СПИРАЛИ МОЛЧАНИЯ
Первый цветок оказался в её руках, когда ей было восемь. Мальчик мельком заглянул ей в глаза, протянул небольшую белую розу и как-то грустно посмотрел ввысь. С неба на них смотрели белые облака, и казалось, облака улыбались – столько вокруг было разлито радости и счастья…
– Почему ты молчишь? – спросила девочка.
– А разве нужно что-то говорить? – ответил мальчик.
– Да, когда взрослые дарят цветы, они говорят…
– Я не знаю… не знаю, что говорить… – мальчик заметно стеснялся, – мне кажется, и так всё понятно, без слов…
Он и потом, часто встречая её, как-то задумчиво улыбался, глядя ей в глаза, дарил цветы, красивые открытки с видами городов, тоненькие книги с картинками. Дарил, протягивая подарок, а сам улыбался и… молчал.
Через несколько лет, уже заканчивая школу, он провожал её домой, нёс сумку с учебниками и снова молчал.
А она…
Тогда она верила в то, что можно и не говорить. Что в молчании скрывается что-то важное. И можно просто держать его за руку. И идти рядом.
Она поступила на журналистику, он – на математический, но все равно, как только выпадало свободное от лекций время, они вместе, бросив своих студенческих друзей и подруг, на невидимых крыльях слетались в парк. Сидели до поздних фонарей, бросая подсолнечные семечки и черствый хлеб голубям. И почти не разговаривали.
Нет, они, конечно, не молчали всё это время. Веселая, жизнерадостная Эленка (так звали ту самую девочку) постоянно рассказывала Георгию новости о своей студенческой жизни, сдабривая их свежими подробностями «где, кто и, главное, с кем», делилась впечатлениями о преподах («ой, ну, этот, историк наш лысый, такой сухарь…»), рассказывала о жизни в общаге, куда он не любил приходить, и строила планы. Эти жизненные планы Эленке удавались лучше всего.
Георгий, крепко сцепив тонкие губы, молчал, изредка вставляя свои довольно категорические оценки, или просто качал головой. Эленка уже привыкла к его немногословию, она особенно не ждала высоких эпитетов и ярких чувств. Она знала, что все чувства он носит где-то внутри себя.

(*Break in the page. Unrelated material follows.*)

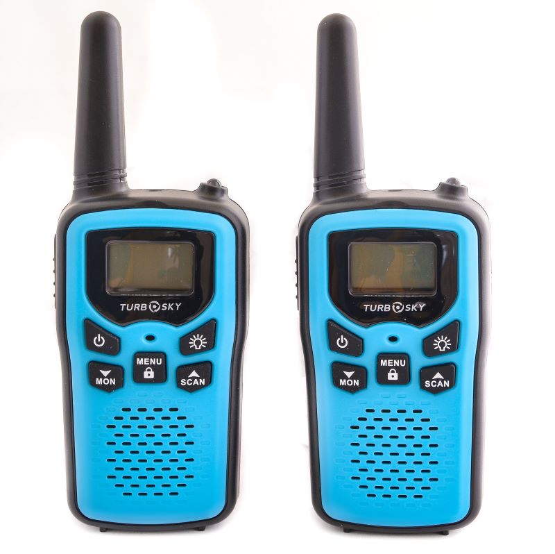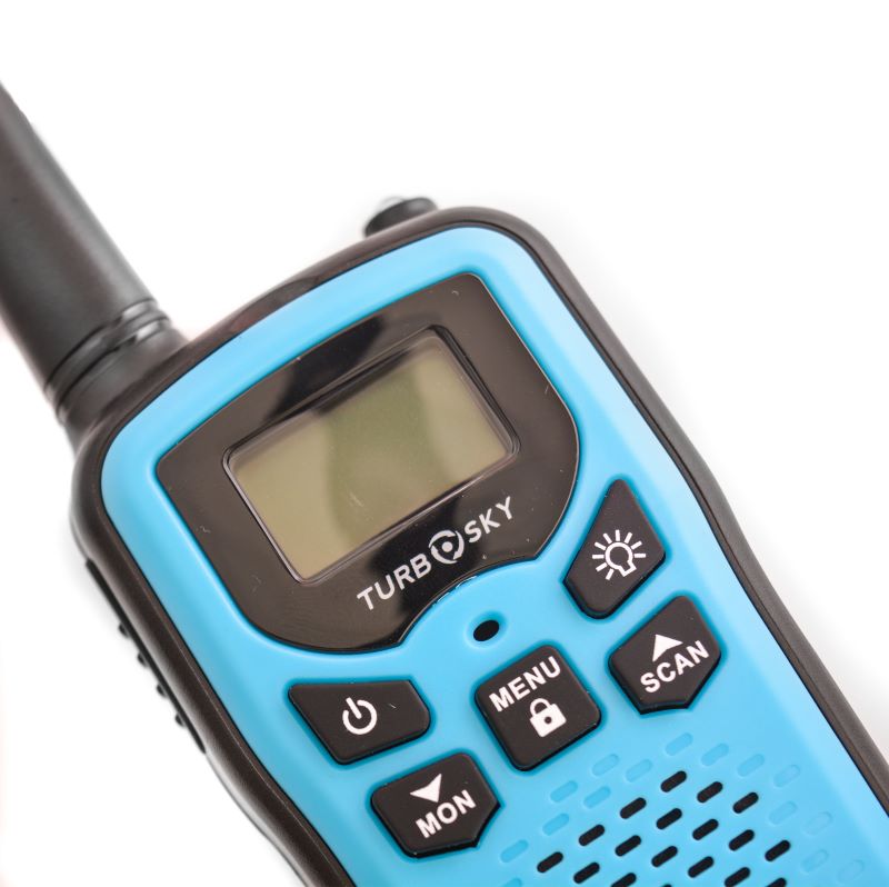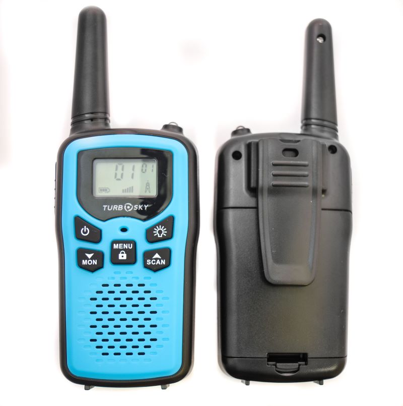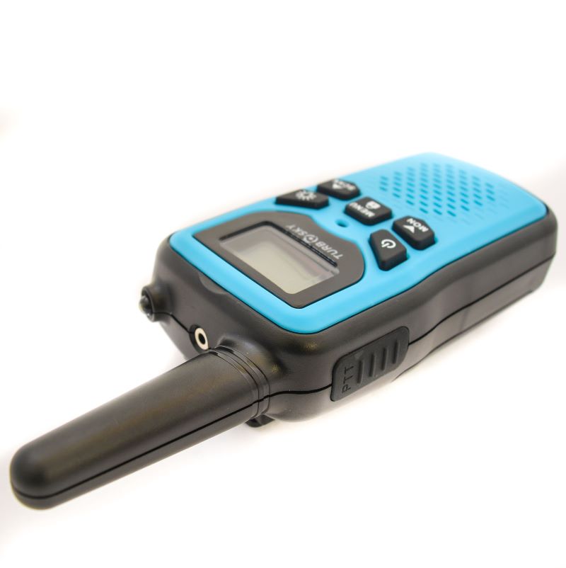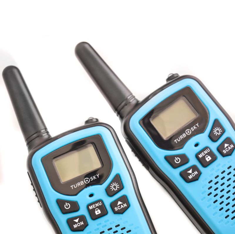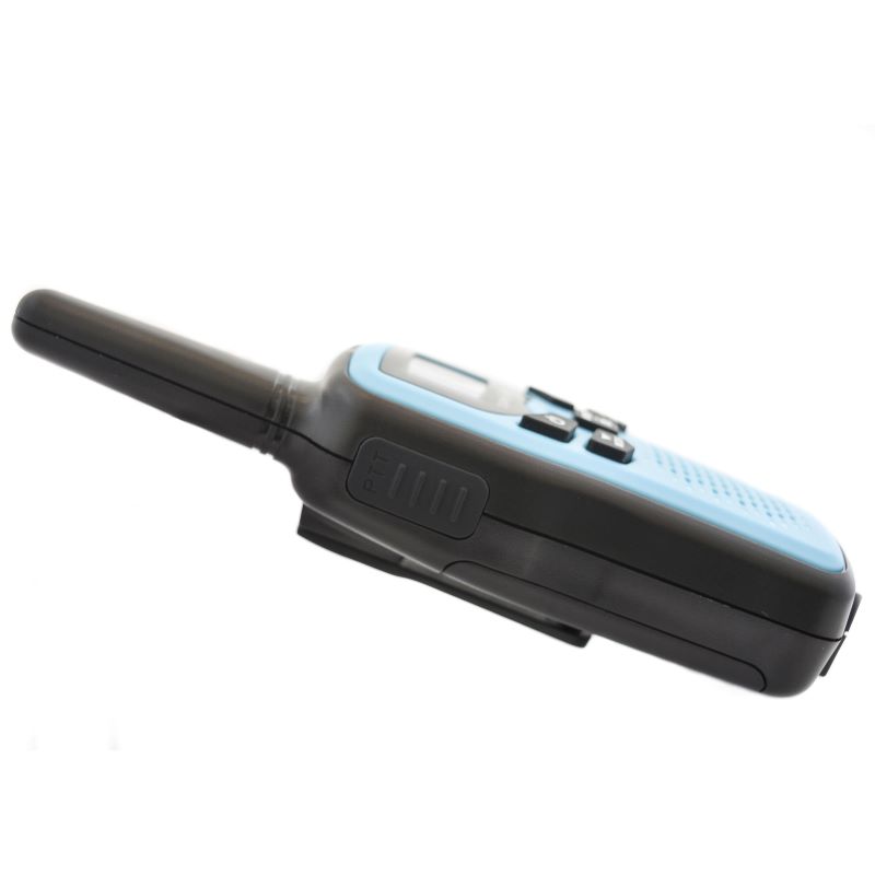 Комплект T25 Blue содержит пару безлицензионных PMR-станций для мгновенного развёртывания связи на дистанции до 5 км в прямой видимости, синтезатор PLL фиксирует 8 каналов с 99 субтонами CTCSS/DCS против перехватов. VOX активирует передачу голосом без кнопок, LCD показывает заряд, уровень сигнала и канал с подсветкой для ночных выходов. Фонарик освещает путь, двухпинный разъём принимает гарнитуры, AAA-батарейки или NiMH обеспечивают 12 часов автономии. Корпус с клипсой выдерживает падения с 1 м, прорезиненная панель защищает от брызг, кнопки мониторинга сканируют эфир без задержек.

И если нужно будет (а девушка всегда считает, что когда-нибудь «нужно будет»), Гера мог и был готов… ну, в общем, она считала его лучшей партией, чем те, которые с утра до ночи горлопанили песни в общаге, препирались с преподом из-за оценки и устраивали скандальные шоу на лекциях.
Георгий был математиком.
Эту точную науку он полюбил ещё в детстве, когда полуглуховатый и скрюченный болезнью двоюродный дядя рассказал ему о спиральных кругах, по которым «рассаживаются» обычные семечки в подсолнухе или «строятся» в бутоне лепестки некоторых цветов – маленький Георгий пытался понять этот феномен и рисовал, рисовал, строил спирали и снова рисовал, пока не засыпал с карандашом в руке. Эти неведомые и загадочные спирали невозможно было объяснить простым человеческим языком, тут нужны были только цифры. И Георгий с ними крепко подружился.
Он перестал общаться со сверстниками, записался в математическую школу и не показывался на улице, не обращая внимания на пальцы, которыми крутили у виска продвинутые соседские мальчишки. Он понимал, что перед ним открылся весь мир, но «открылся» довольно странной стороной – ему казалось, что он начал постигать тайные законы построения красоты и гармонии в мире. Но, что бросалось ему в глаза: никому, кроме него, эти законы были не нужны. Все соглашались, что раковина – красивая штуковина, которая валяется на дне океана, соглашались, что семечки в подсолнухе вкусные (если не пережарить), но про золотое сечение мало кто догадывался. А уж про числа Фибоначчи вообще никто не знал. С тех пор Георгий сидел за партой позади Эленки и сверлил, сверлил своими острыми глазами её длинные крючковатые косички. И… молчал.
С косичками она рассталась в один день со школой – лень было расчесывать спутавшиеся волосы каждое утро, да и немодно стало. В институте все носили модные прически, часто меняли их: Эленка не могла отставать. Но каждый раз, когда она спрашивала Георгия его мнение о новой прическе, он, вспоминая переплетенные спирали юных волос, вздрагивал и отмалчивался.
Порой Эленку это раздражало.
– Ну можно хоть что-то сказать? – всхлипывала она.
– А что сказать-то? – выводил её из себя Георгий.
– Что-что? Ну что говорят люди в таком случае?
– Я не знаю, что говорят люди. Люди вообще существа странные.
– Почему?
– Потому что не замечают вокруг себя самого главного.
– Какого главного?
– Ты посмотри! – Георгий доставал листы бумаги, на которых были изображены различного вида спирали. – Посмотри, разве ты не видишь, какая гармония царит в мире, здесь все посчитано, посмотри… Эх!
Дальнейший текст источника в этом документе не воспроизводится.